(Supplied material):
+--
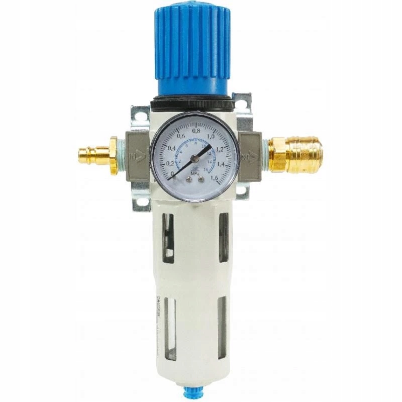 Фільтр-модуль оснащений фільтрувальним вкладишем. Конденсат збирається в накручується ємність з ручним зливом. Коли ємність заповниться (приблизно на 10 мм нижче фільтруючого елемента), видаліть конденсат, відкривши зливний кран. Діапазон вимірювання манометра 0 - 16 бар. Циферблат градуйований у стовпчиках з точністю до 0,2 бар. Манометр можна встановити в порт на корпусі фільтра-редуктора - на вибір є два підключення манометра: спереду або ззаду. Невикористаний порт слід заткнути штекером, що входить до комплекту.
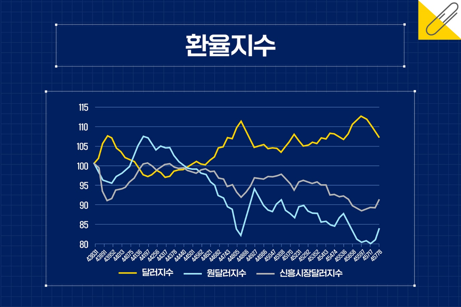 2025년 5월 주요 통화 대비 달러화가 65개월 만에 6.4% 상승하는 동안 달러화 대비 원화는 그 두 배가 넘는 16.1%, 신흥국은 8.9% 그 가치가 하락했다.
+--
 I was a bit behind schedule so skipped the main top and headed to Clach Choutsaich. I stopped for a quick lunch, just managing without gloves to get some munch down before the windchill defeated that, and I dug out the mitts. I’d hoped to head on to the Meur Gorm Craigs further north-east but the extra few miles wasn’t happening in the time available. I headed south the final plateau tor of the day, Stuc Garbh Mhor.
+--
(What to work on): "Фільтр-модуль оснащений фільтрувальним" marks the first line to copy, and "2025년 5월 주요" marks the last. Repeat that stretch above exactly, with no pictures.

(Solution to this problem):
 Фільтр-модуль оснащений фільтрувальним вкладишем. Конденсат збирається в накручується ємність з ручним зливом. Коли ємність заповниться (приблизно на 10 мм нижче фільтруючого елемента), видаліть конденсат, відкривши зливний кран. Діапазон вимірювання манометра 0 - 16 бар. Циферблат градуйований у стовпчиках з точністю до 0,2 бар. Манометр можна встановити в порт на корпусі фільтра-редуктора - на вибір є два підключення манометра: спереду або ззаду. Невикористаний порт слід заткнути штекером, що входить до комплекту.
 2025년 5월 주요 통화 대비 달러화가 65개월 만에 6.4% 상승하는 동안 달러화 대비 원화는 그 두 배가 넘는 16.1%, 신흥국은 8.9% 그 가치가 하락했다.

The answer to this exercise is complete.